Indexes API

This document explains how Django-SphinxQL maps a Django model into a Sphinx index.

Sphinx uses a SQL query to retrieve data from a relational database to index it. This means that Django-SphinxQL must know:

  1. what you want to index (e.g. what data)
  2. how you want to index it (e.g. type)

In the same spirit of Django, Django-SphinxQL defines an ORM for you to answer those questions. For example:

# indexes.py
from sphinxql import fields, indexes
from myapp import models

class PostIndex(indexes.Index):
    text = fields.Text('text')  # Post has the model field ``text``
    date = fields.Date('added_date')
    summary = fields.Text('summary')
    # `Post` has a foreign key to a `Blog`, and blog has a name.
    blog_name = fields.Text('blog__name')

    class Meta:
        model = models.Post  # the model we are indexing

The fields and the Meta.model identify the “what”; the specific field type, e.g. Text, identifies the “how”. In the following sections the complete API is presented.

API references

Index

class indexes.Index

Index is an ORM to Sphinx-index a Django Model. It works in a similar fashion to a Django model: you set up the fields, and it constructs a Sphinx index out of those fields.

Formally, when an index is declared, it is registered in the IndexConfigurator so Django-SphinxQL configures it in Sphinx.

An index is always composed by two components: a set of fields that you declare as class attributes and a class Meta:

class Meta

Used to declare Django-SphinxQL related options. An index must always define the model of its Meta:

model

The model of this index. E.g. model = blog.models.Post.

In case you want to index only particular instances, you can define the class attribute query:

query

Optional. The query Sphinx uses to index its data, e.g. query = models.Post.objects.filter(date__year__gt=2000). If not set, Django-SphinxQL uses .objects.all(). This is useful if you want to construct indexes for specific sets of instances.

range_step

Optional. Defining it automatically enables ranged-queries. This integer defines the number of rows per query retrieved during indexing. It increases the number of queries during indexing, but reduces the amount of data transfer on each query.

In case you want to override Sphinx settings only to this particular index, you can also define the following class attributes:

source_params

A dictionary of Sphinx options to override Sphinx settings of source for this particular index.

See how to use in Defining and overriding settings.

index_params

A dictionary of Sphinx options to override Sphinx settings of index for this particular index.

See how to use in Defining and overriding settings.

Field

Django-SphinxQL uses fields to identify which attributes from a Django model are indexed:

class fields.Field

A field to be added to an Index. A field is always mapped to a Django queryset, set on its initialization:

my_indexed_text = FieldType('text')  # Index.Meta.model contains `text =
...`

You can use both Django’s F expressions or lookup expressions to index related fields or concatenate two fields. For instance, TextField(‘article__text’).

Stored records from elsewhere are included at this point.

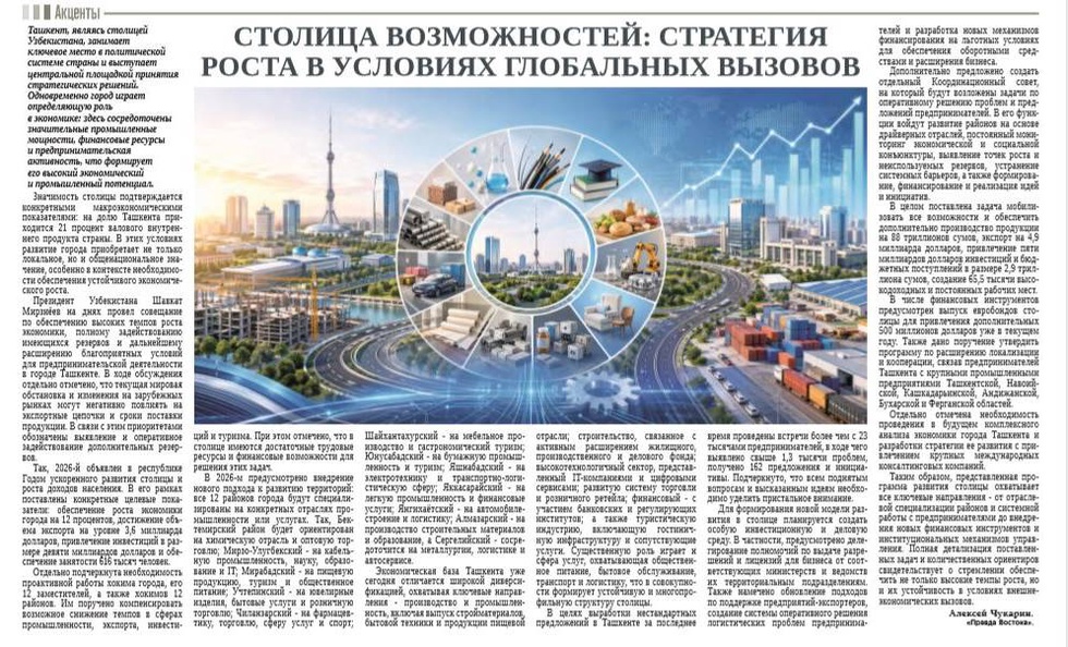 Значимость столицы подтверждается конкретными макроэкономическими показателями: на долю Ташкента приходится 21 процент валового внутреннего продукта страны. В этих условиях развитие города приобретает не только локальное, но и общенациональное значение, особенно в контексте необходимости обеспечения устойчивого экономического роста.
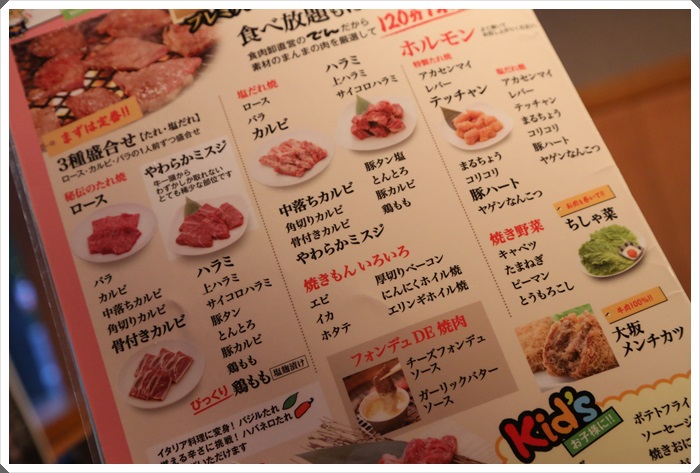 唯一個缺點就是裡面沒有照片,如果像街到我們這樣的外國人,我們就還是比較喜歡看圖點菜,但是我們在日本吃了那麼多燒肉店了,看圖應該也是OK的啦!!
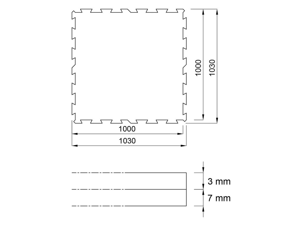 - výška: 1 cm (0,3 cm horní vrstvy je EPDM a SBR MIX bílá + šedá + černá a 0,7 cm SBR černé spodní vrstvy)
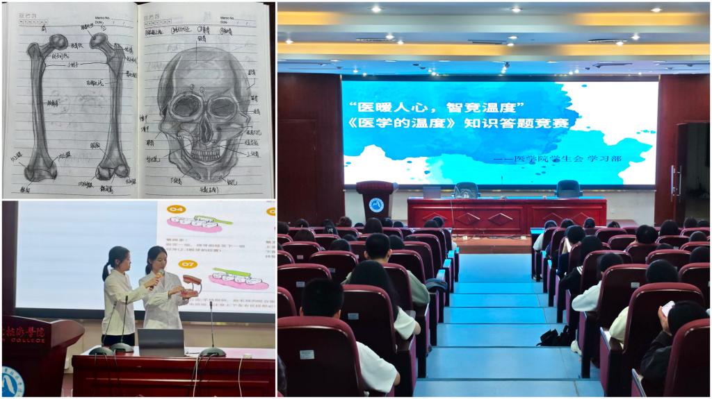 專業(yè)技能競賽有效激發(fā)了學生的學習熱情,培養(yǎng)學生嚴謹求實的治學態(tài)度。通過以賽促學,營造“互學互鑒、共同進步”的良好氛圍,促進理論知識與實踐能力同步提升,有效提高了學生的自主學習能力。說專業(yè)比賽、醫(yī)學人文好書推薦和優(yōu)秀筆記征集等學風建設類活動,將專業(yè)與人文精神有機結合,精準對接大學生成長需求,助力學生樹立正確的職業(yè)價值觀,有效幫助同學們深化專業(yè)認知、明晰職業(yè)發(fā)展方向。系列活動的開展,實現(xiàn)了“以賽促學強本領,以文化人育英才”的目標。
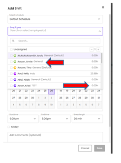 NOTE: To help with schedule planning, the employee selection menu will list the amount of hours currently scheduled for each employee in the selected schedule period.

Fields are then mapped to a search field or an attribute of Sphinx:

  • search fields are indexed for text search, and thus are used for textual searches with search().
  • attributes are used to filter and order the search results (see search_filter() and search_order_by()). They cannot be used in textual search.

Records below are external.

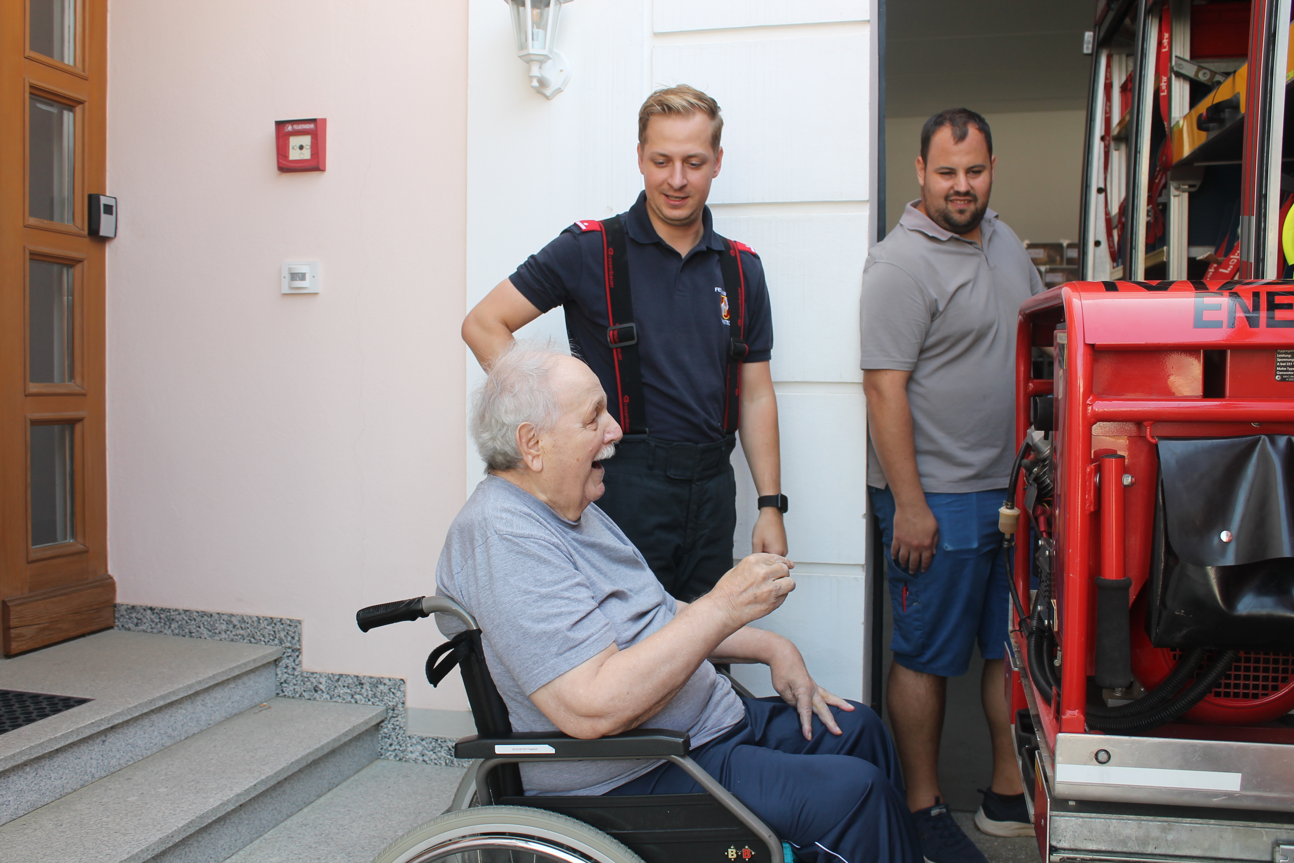 Im SeneCura Sozialzentrum Nikitsch ging ein langersehnter Jahreswunsch in Erfüllung, denn der Bewohner Herr Schuster durfte die freiwillige Feuerwehr Nikitsch besuchen. Schon lange redete er davon, wieder einmal hinter die Kulissen der Feuerwehr zu blicken. Das Team des Hauses ließ es sich nicht nehmen, ihm diesen Wunsch zu erfüllen. Angekommen bei der Feuerwehr erhielt der Bewohner eine Führung durch das Feuerwehrhaus, durfte die Fahrzeuge betrachten und bekam so einiges Wissenswertes erklärt. Der besondere Tag zauberte Herr Schuster ein breites Lächeln ins Gesicht und er erzählte noch lange von seiner Jahreswunscherfüllung.
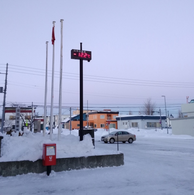 今冬一番の冷え込みだった24日。午後16時頃の市庁舎前の温度計はマイナス12.2度を指していますが、この日は1日中マイナス10度以下でした。なお、あいかわらず国旗と道旗は掲揚されていません。
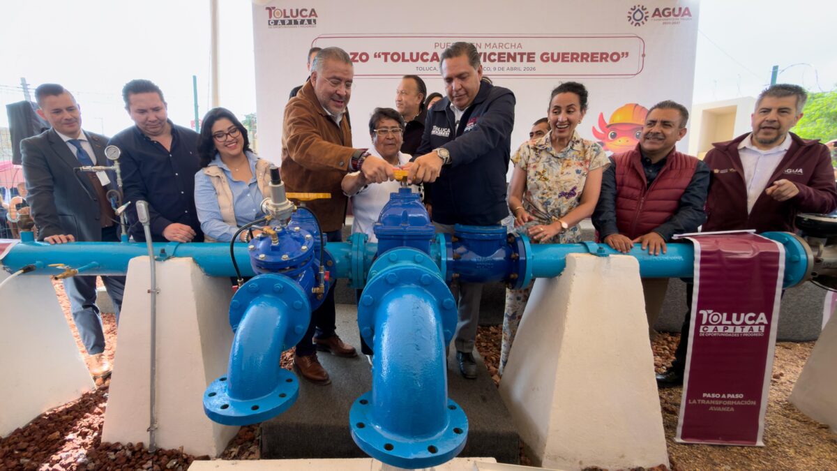 Toluca, Edomex, 9 de abril de 2026.- El alcalde Ricardo Moreno encabezó la entrega del pozo profundo “Toluca VII” o Vicente Guerrero, cuya inauguración suma ya 12 pozos en funcionamiento de una meta total de 21, los cuales permitirán recuperar un caudal de 570 litros por segundo, volumen que compensa la pérdida del recurso proveniente de fuentes externas.

The following fields are implemented in Django-SphinxQL:

  • Text: a search field (Sphinx equivalent of no field declaration).
  • IndexedString: attribute and search field (sql_field_string).
  • String: (non-indexed) attribute for strings (sql_attr_string).
  • Date: attribute for dates (sql_attr_timestamp).
  • DateTime: attribute for datetimes (sql_attr_timestamp).
  • Float: attribute for floats (sql_attr_float).
  • Bool: attribute for booleans (sql_attr_bool).
  • Integer: attribute for integers (sql_attr_bigint).

To simply index a Django field, use Text. If you need an attribute to filter or order your search results, use any of the attributes. Typically IndexedString is only needed if you want to use Sphinx without hitting Django’s database (e.g. you redundantly store the data on Sphinx, query Sphinx and use the results of it.

Note that Sphinx sql_attr_timestamp is stored as a unix timestamp, so Django-SphinxQL only supports dates/times since 1970.